Senior Projects > Eye See What You See
The Eye See What You See project by William Ho, Christopher Hong, and Mihir Patel involves automatic eye detection and gaze tracking. The students implemented a system that can detect the eyes of multiple people standing several feet from a camera, and after a short calibration period, it can track their gazes. This project was supported by ITT Exelis, and it was one one of two projects presented by Cooper Union at ITT Exelis during the spring 2013 semester.
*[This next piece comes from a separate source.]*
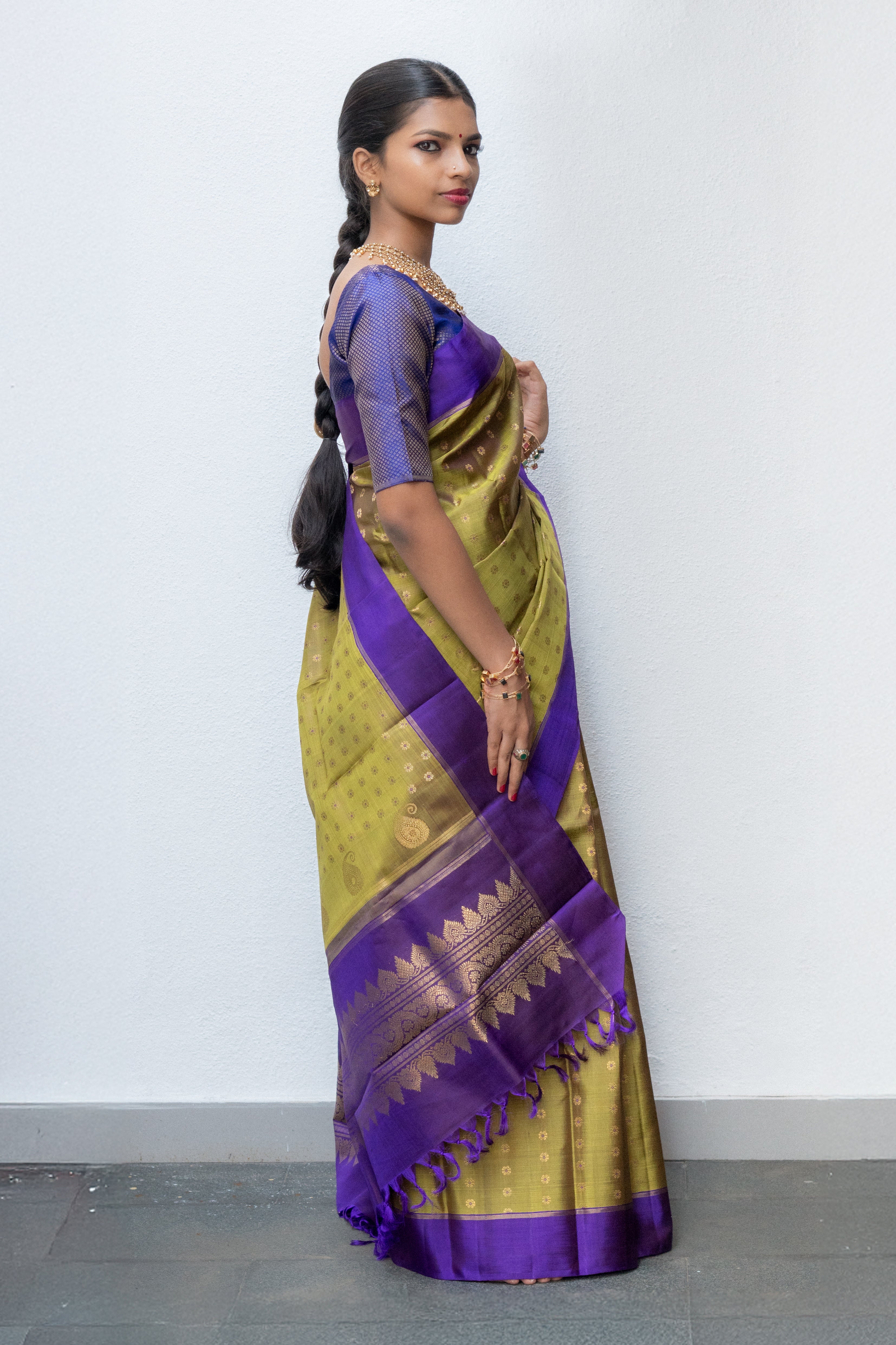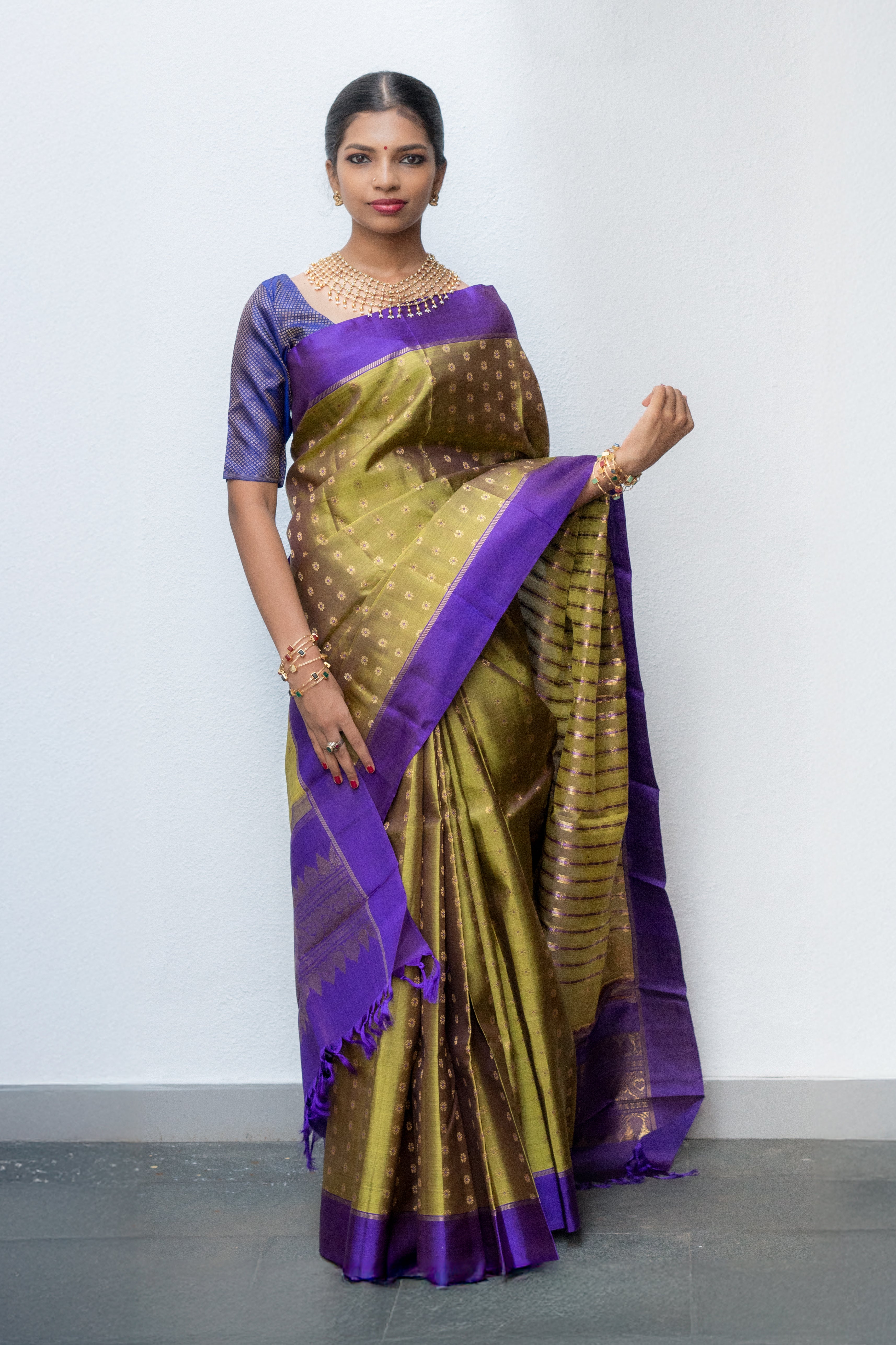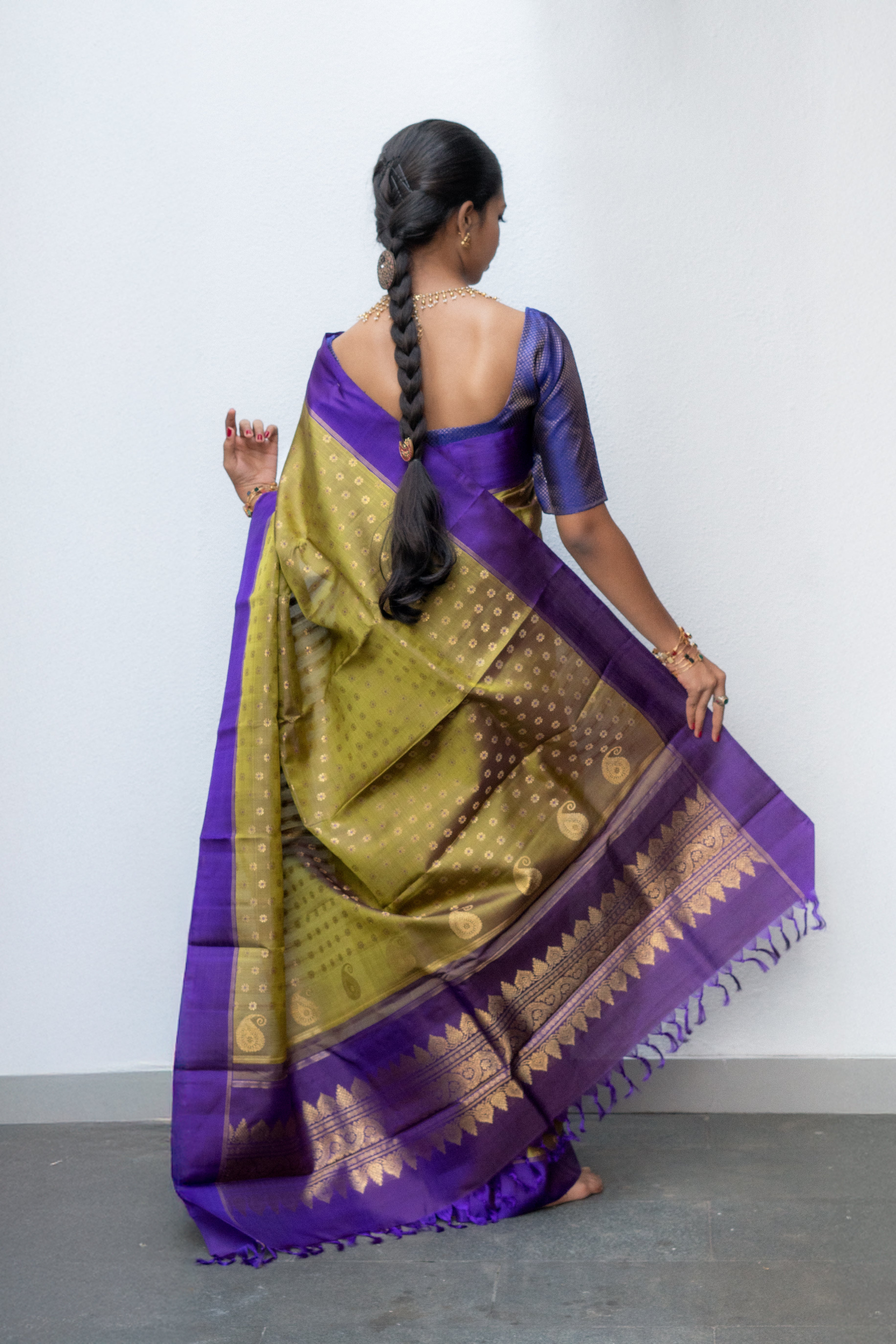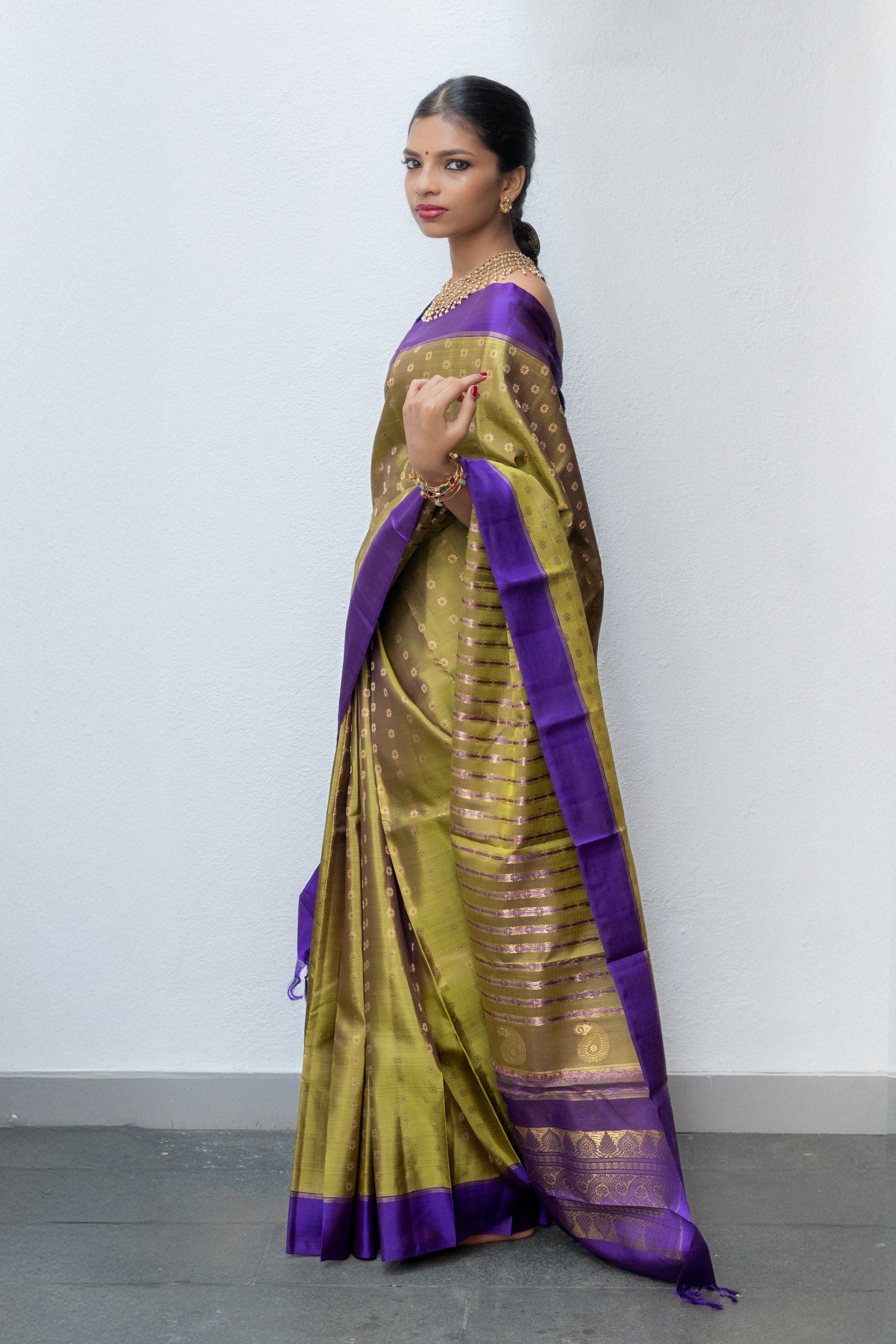 Beautiful Green saree with linearly arranged "Kamalam" buttis that lead to a bold violet border. The pallu is a unique masterpiece, where the body's design evolves into mango motifs against the violet backdrop, all brought to life with meticulously woven zari.
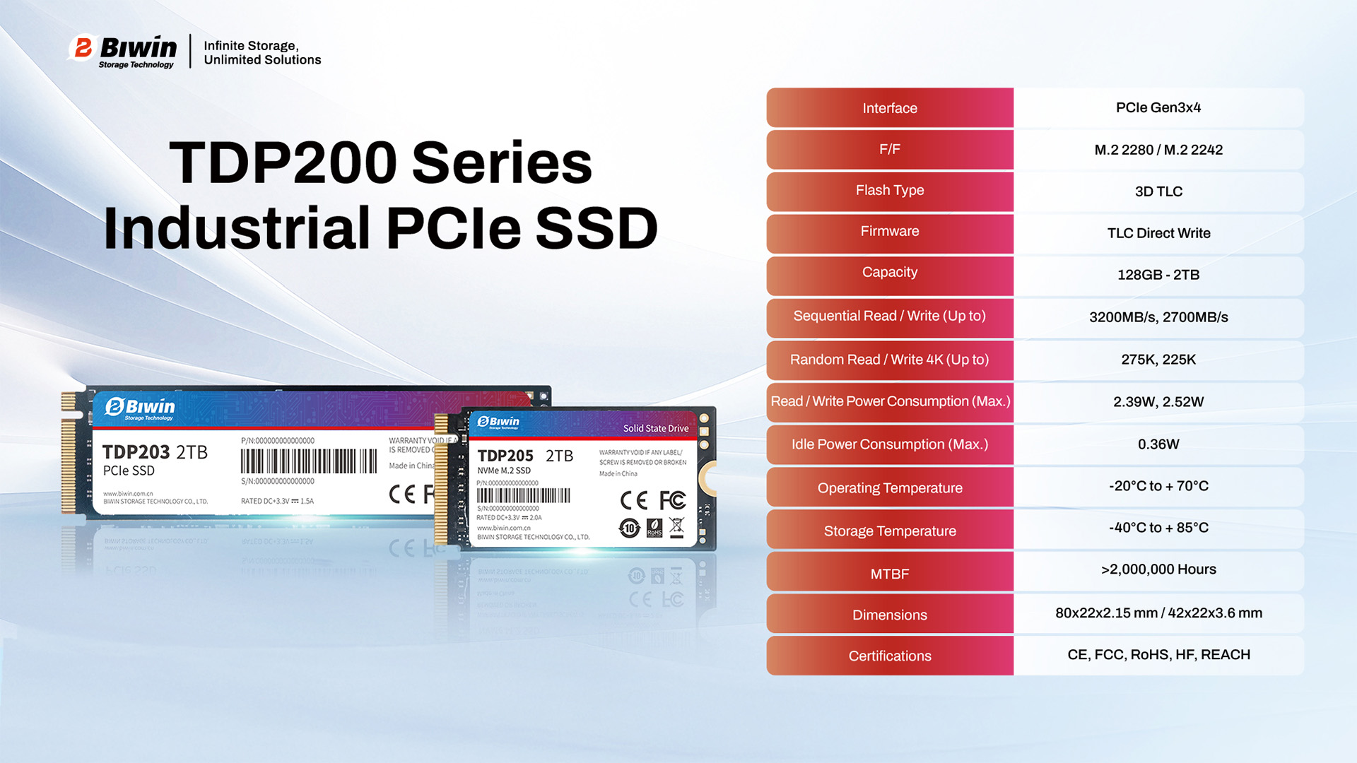 BIWIN introduces the TDP200 Industrial M.2 PCIe SSD, designed specifically for the demanding needs of industrial data transmission. With industrial-grade hardware, software, and firmware optimization, this SSD ensures reliable performance even in extreme conditions, such as 24/7 high-frequency writing and mechanical shocks. It’s perfect for applications including data communication, smart healthcare, industrial automation, robotics, and AIoT.

This project came in first place at the 2013 RIT IEEE Student Design Contest.
Abstract from William's, Christopher's, and Mihir's final paper:
Gaze tracking systems can serve a wide range of applications - from improving advertising to allowing the handicapped to express themselves. However, the obtrusive nature and short range (less than one meter) of existing systems limit their practicality. This paper details a low-cost, real-time, unobtrusive gaze-tracking system capable of detecting multiple people at signicant distances (two to three meters) from the camera. The system exploits the red-eye eect, and utilizes SVM and Haar cascade classiers to detect eye pairs. It then uses geometric approximations to determine the point of gaze for each pair. An interactive display, consisting of advertisements that change based on people's gazes, has been implemented.
Details:
Most people are familiar with the "red-eye effect", which causes unrealistic red-tinted pupils in photographs. Typically this is something that people want to avoid, but this project creatively takes advantage of the red-eye effect to detect eyes in video in real-time. Using a standard web-cam and infrared LEDs that flash in a synchronized manner with the camera, the system produces video in which the red-eye effect is present (or not present) in every other frame. By subtracting adjacent frames, potential candidates for eyes are determined. This is followed by thresholding and multiple classification techniques to detect pairs of eyes. The image below shows two consecutive frames from a video (top row) and the difference image produced before and after thresholding (bottom row).
An evaluation of the eye detection component of the system revealed that no false postives occured in the inspected video clips (i.e., there were no cases in which the system classified non-eyes as eyes). Additionally, the majority of eyes present in the video were correctly detected, although the accuracy does fall with increasing distance as expected. The results are summarized in the chart below.
Distance | Number of Frames | Expected Eyes | Detected Eyes | Percent Detected |
3-4.5 ft | 1294 | 2088 | 1894 | 90.71% |
4.5-6 ft | 1228 | 1956 | 1606 | 82.11% |
6-7.5 ft | 1264 | 2028 | 1416 | 69.82% |
To implement gaze tracking, volunteers were asked to state at the center of a screen for a few seconds for a calibration period. The distance between the pupils could be used to determine the approximate distance of each person from the camera. The system would then track their eyes for a period of time and use basic geometry to determine the points of gaze. Various scenarios were implemented to evaluate the system. In one experiment, after the calibration period, the volunteers were asked to stare at one quadrant at a time. The system predicted which quadrant was being viewed. The accuracy of this experiment is shown below.
Quadrant | Number of Gaze Points | Correct Exp. Gaze Points | Percent Correct |
Top-left | 150 | 134 | 89.33% |
Bottom-left | 150 | 144 | 96.00% |
Top-right | 150 | 142 | 94.67% |
Bottom-right | 150 | 139 | 92.67% |
In another experiment, after the calibration period, a volunteer is asked to stare at an orange circle on a 47 inch flat screen TV located several feet from the viewer. The orange circle jumps to a new position every few seconds. The system tracks the gaze of the volunteer, represented by a blue circle. The accuracy of the gaze tracking was measured over several instantiations of the experiment, and the system predicts the point of gaze of the volunteer with an accuracy of about half a foot. One recorded instantation of this experiment can be seen below. Note that the orange circle represents where the viewer is asked to stare, and the blue circle represents the system's calculated prediction of the point of gaze. Also note that the system detects and highlights the viewer's eyes (and also nose). Further note that there is some movement in the background that does not hinder the system.
In a final experiment, after the calibration period, the flat screen displays ten posters, and two volunteers stare at various posters. The system determines their points of gaze and denotes the hits with orange circular highlights. When a given poster has attracted enough attention, it takes over the screen for a few seconds, and then the experiment repeats. One recorded instance of this experiment can be seen below. Note that at the bottom right of the video, you can see the two volunteers, and if you look closely, you can see blue circles representing the system's predictions of their points of gaze.